__Record excerpts__.
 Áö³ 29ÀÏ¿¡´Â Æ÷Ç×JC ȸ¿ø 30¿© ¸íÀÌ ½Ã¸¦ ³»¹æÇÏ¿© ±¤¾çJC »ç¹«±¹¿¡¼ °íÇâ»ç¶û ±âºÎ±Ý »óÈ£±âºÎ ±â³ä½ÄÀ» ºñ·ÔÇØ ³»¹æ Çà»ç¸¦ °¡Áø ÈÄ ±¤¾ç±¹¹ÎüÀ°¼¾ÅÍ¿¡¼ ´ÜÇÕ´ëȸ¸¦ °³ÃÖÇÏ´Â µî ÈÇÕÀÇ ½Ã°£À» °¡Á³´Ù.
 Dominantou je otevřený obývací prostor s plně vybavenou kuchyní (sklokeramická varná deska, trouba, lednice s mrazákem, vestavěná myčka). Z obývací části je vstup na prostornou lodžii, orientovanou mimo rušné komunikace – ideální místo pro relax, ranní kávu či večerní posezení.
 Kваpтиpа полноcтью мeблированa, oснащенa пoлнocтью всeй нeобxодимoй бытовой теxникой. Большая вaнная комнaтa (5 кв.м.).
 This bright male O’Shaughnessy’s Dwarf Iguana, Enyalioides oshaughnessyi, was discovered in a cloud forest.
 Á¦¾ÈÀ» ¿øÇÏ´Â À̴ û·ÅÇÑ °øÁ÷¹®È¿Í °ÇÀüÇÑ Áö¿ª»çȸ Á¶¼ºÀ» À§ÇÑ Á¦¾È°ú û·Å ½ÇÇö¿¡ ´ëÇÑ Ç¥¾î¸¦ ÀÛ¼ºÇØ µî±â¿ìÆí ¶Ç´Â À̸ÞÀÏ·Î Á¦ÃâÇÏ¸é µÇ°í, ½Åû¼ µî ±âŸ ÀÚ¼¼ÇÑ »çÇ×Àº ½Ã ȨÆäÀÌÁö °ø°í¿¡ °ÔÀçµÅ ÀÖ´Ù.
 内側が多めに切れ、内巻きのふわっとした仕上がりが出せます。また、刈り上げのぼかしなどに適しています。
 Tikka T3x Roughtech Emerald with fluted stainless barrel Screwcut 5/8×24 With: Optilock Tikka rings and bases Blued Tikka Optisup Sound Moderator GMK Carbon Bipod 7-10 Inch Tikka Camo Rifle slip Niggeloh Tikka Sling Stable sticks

__Exercise__. Produce an exact transcription of the lines from the one containing "内側が多めに切れ、内巻きのふ" through the end of the records, both included, and no other lines.

__Written reply__.
 内側が多めに切れ、内巻きのふわっとした仕上がりが出せます。また、刈り上げのぼかしなどに適しています。
 Tikka T3x Roughtech Emerald with fluted stainless barrel Screwcut 5/8×24 With: Optilock Tikka rings and bases Blued Tikka Optisup Sound Moderator GMK Carbon Bipod 7-10 Inch Tikka Camo Rifle slip Niggeloh Tikka Sling Stable sticks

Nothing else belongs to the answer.